Recommendations and Next Steps for Evaluation, Learning and Advocacy

Review of the Framework

A quick reminder about the Child Survival Sustainability Assessment Framework

Conceptually, sustainability in Child Survival and Health projects is thought of as a contribution to the development of conditions enabling individuals, communities, and local organizations to reach their potential. This includes improving local functionality, developing mutual relationships of support and accountability, and decreasing dependency on insecure resources (financial, human, technical, informational), in order for local stakeholders to negotiate their respective roles in the pursuit of health, wellness and development, beyond a project intervention.

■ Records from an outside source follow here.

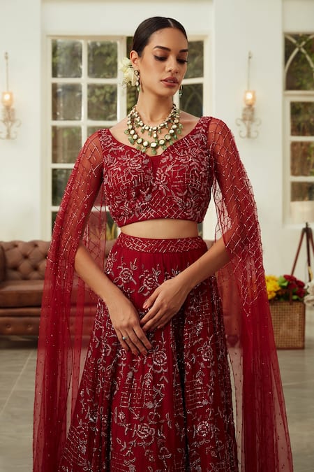 Ruby red floral embroidered lehenga in sequin, pearls & beads work. Comes with a draped sleeve fitted blouse.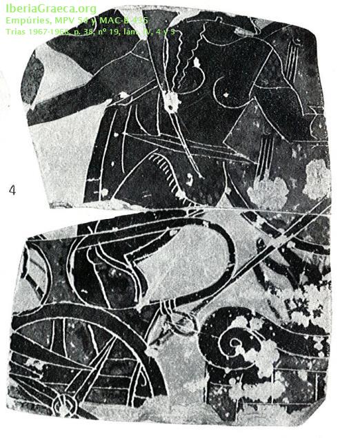 Observaciones : Según escribe TRIAS 1967-68, para Shefton, seguramente esta escena representa a Pelops, hijo de Tántalo y a Oenomaos, rey de Elis. La escena está compuesta por dos fragmentos de una misma pieza: uno, el fragmento superior, está conservado en el Museu de Prehistoria de València y corresponde a esta ficha, y el otro, el inferior, se encuentra en el MAC-Barcelona, número de inventario 435 (Ficha CIG 4919). Autor: Pol Carreras (CIG) Supervisor: Xavier Aquilué (CIG) Fecha: 20-02-2014 |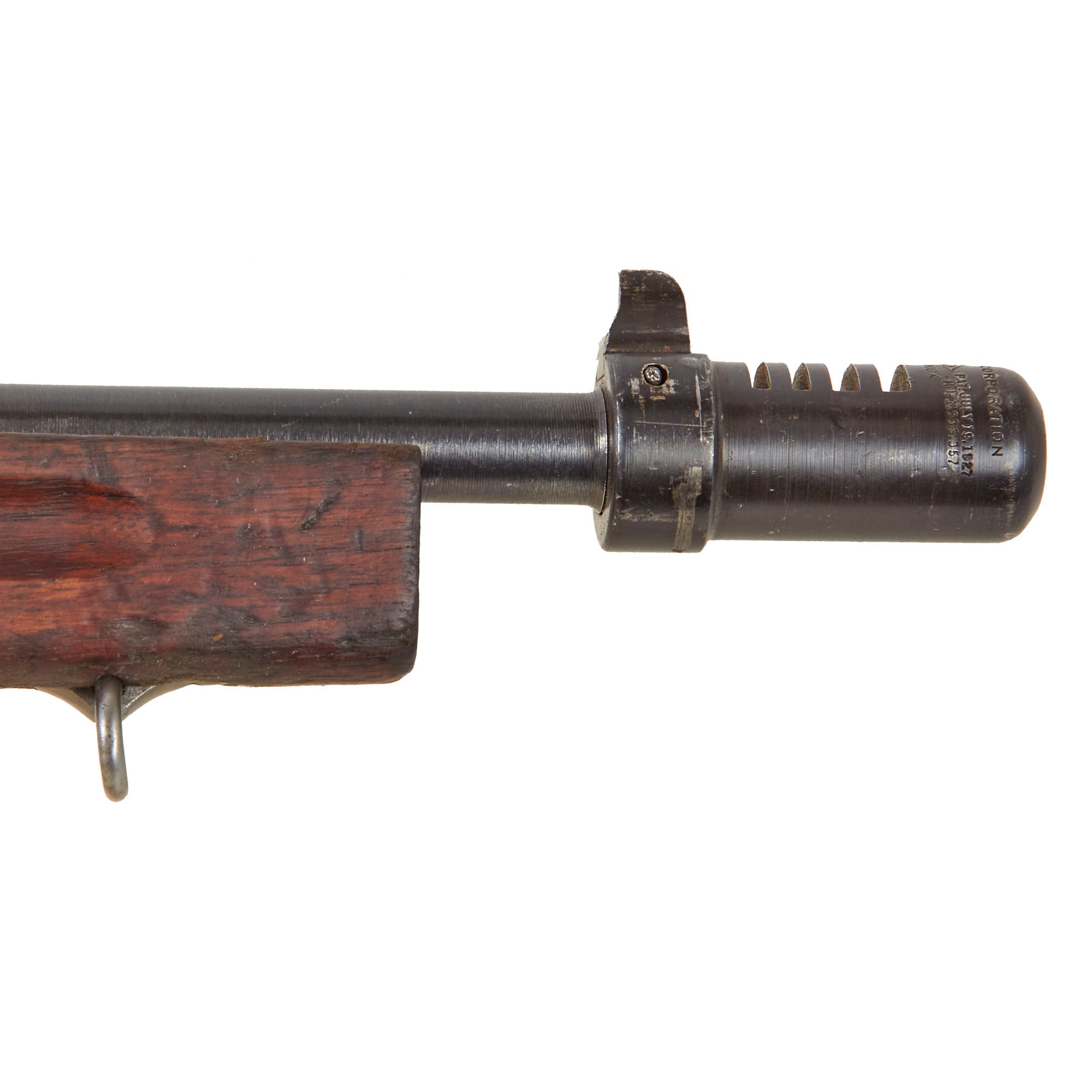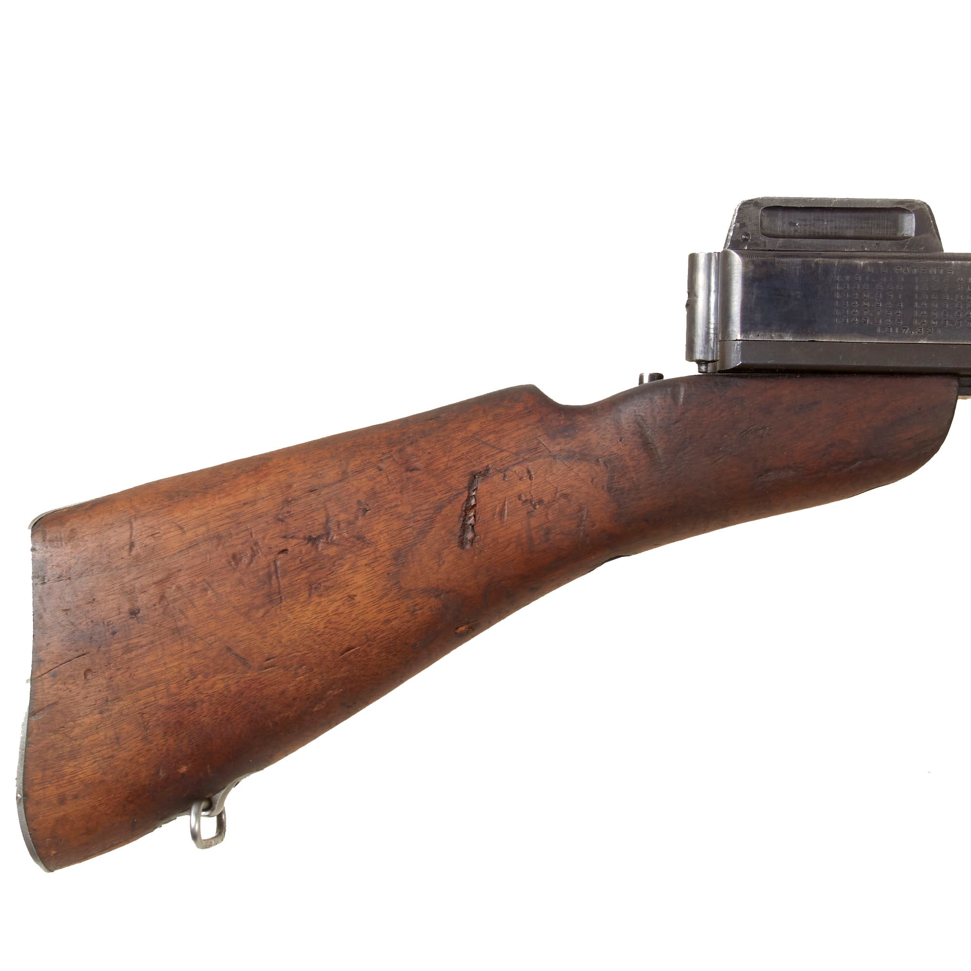 This example is typical of the early war issue Thompson M1928A1, with the more delicate adjustable Lyman Sight. It also has the early style buttstock, without the reinforcement bolt, and the sling swivel mounts are both the correct machined steel type. It has lovely American Black Walnut furniture that has that red brown color only achieved after years of age, showing some great service wear from actual use in the field. The metalwork has a lovely aged patina, still retaining a lot of the original finish, while also showing wear from service.

The individuals, communities and local organizations constitute a local system with their environment. It is ultimately their coordinated social interactions and efforts, based on the understanding of their own health and development, that will lead to lasting health impact.

The logic of this definition implies the loss of control over local processes inherent to project approaches. This places the immediate determinant of sustainability--local process of negotiation, role definition, and engagement--outside of the full control of a PVO. The responsibility of a PVO is not lessened by this recognized loss of control. CS projects are in a critical position to advance key conditions in the local system where they intervene, if not directly, then by helping the local communities and stakeholders address these conditions.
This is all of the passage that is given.